I reckon it starts at conception – okay you probably didn’t have to be so brave to do that bit. But the first big act of bravery is the birth, after which you have to negotiate a pit of sleep deprivation and mega life change that leaves you feeling you’ve been ram-raided. Then, when the babies grow and begin to toddle from cupboard to stairs, kerb to playground and you want to swaddle them close you have instead to be brave enough to let them off your protective lead and experience life’s tumbles.

Next, you’re told to abandon them on their first day at school to a bunch of strangers who could in no way replicate the care you have given them and face days without knowing what they’re doing or how they’re surviving.

For home educating parents it’s an even bigger act of bravery. Taking on that responsibility, and hacking out such a controversial route, seems to give licence to raised eyebrows and judgemental comments from those all going along the well trodden one. You have to have true courage to maintain faith in your belief that routes don’t always work just because they’re well trodden. And bite your lip whilst masses try and fit their children into a fixed regime that to my mind sometimes, for some children, replicates what Chinese women did to their feet. But no one comments or makes judgements about that.

Whichever way we go this period of time in our parenting requires acts of bravery that make sky diving look like a doddle.
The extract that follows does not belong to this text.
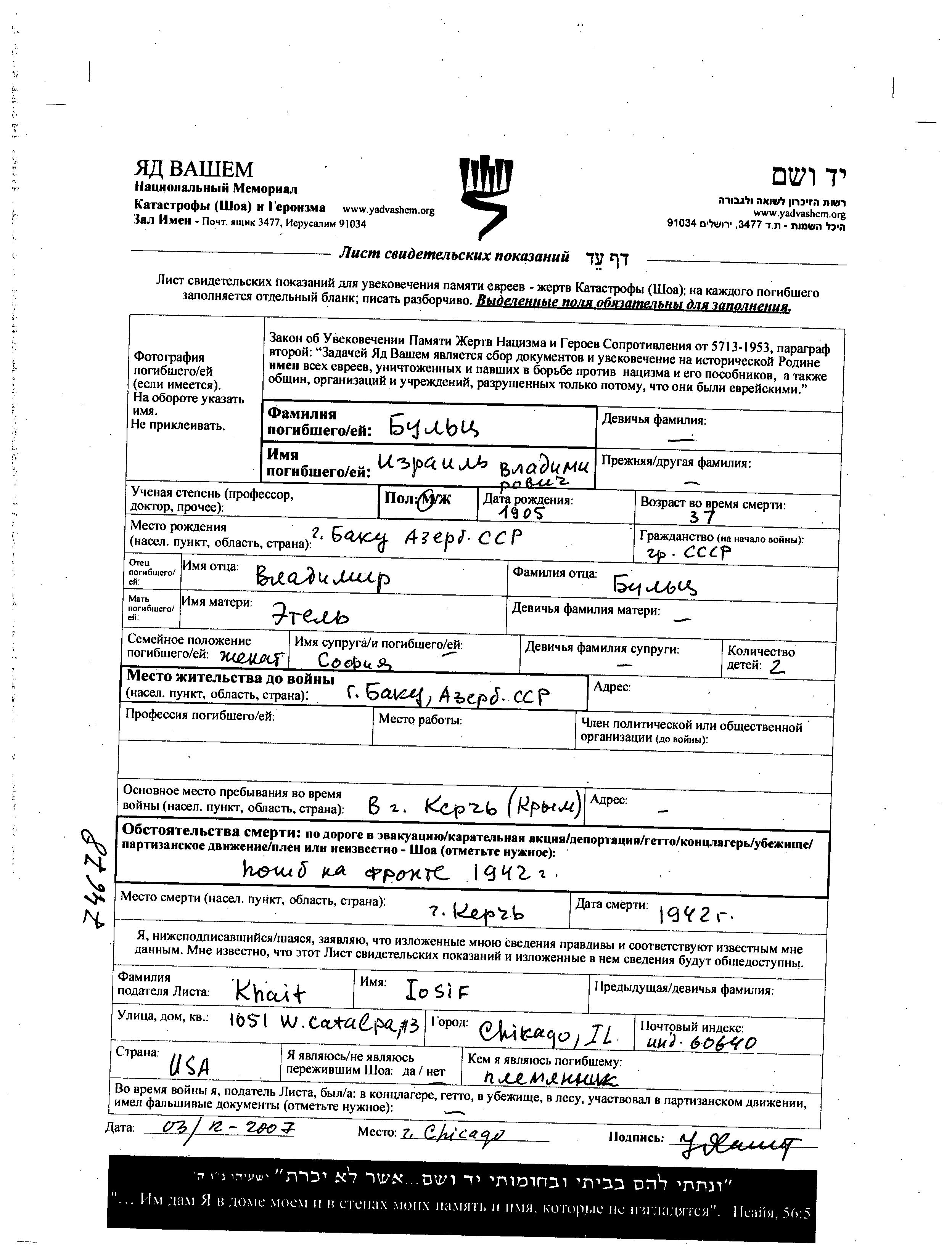 Izrail Bultz wurde im Jahr 1905 in Baku, Aserbaidschan (UdSSR) geboren. Er war der Sohn von Vladimir und Etel. Er war mit Sofiya Verheiratet. Vor dem Zweiten Weltkrieg lebte er in Baku, Aserbaidschan (UdSSR). Während des Krieges war er in die Sowjetischen Streitkräfte. Izrail im Militärdienst umgekommen. Todesort: Kerch, Russland (UdSSR) im Jahr 1942.

Then there are the teen years. We need a medal for those. As the kids move into teenhood your life tends to be about surviving without getting crushed by the insults and silently mopping your own hurt as you bleed for their angst and their upsets. You try and act like a superhero on the telly, who survives catastrophes without a scratch or a whinge, whereas inside you’ve got a lump of bleeding heartache and confusion about where you went wrong as a parent.

But still you comfort them while they cry their tears and hold their hurts as they face the choppy bits and you try not to crumple yourself. And just when you thought you’d got it under control, it’s their successes that damn nearly burst your brave front after all and the tissues are out for their achievements.

And finally, when they step into a land beyond the home and make their own worlds and their own homes that are separate from yours, you’re introduced to a whole new set of challenges that require superhuman courage to overcome.

Yep; nothing requires more acts of bravery than parenting. I hope you all give yourselves mega amounts of credit for that.

But it’s also likely that nothing you ever do will give you such JOY! So don’t be so busy with life that you miss out on all that too.

8 thoughts on “Acts of Bravery…

  1. My kids just turned 6 this past week. I can’t even imagine them being teenagers. That’s the time I worry about. Now they beg to play with me all day. Sometimes it can be frustrating when I have to get things done like make dinner or clean. But I think that’s a whole lot better than you wanting to spend time with them and they’re too busy. I am really dreading that.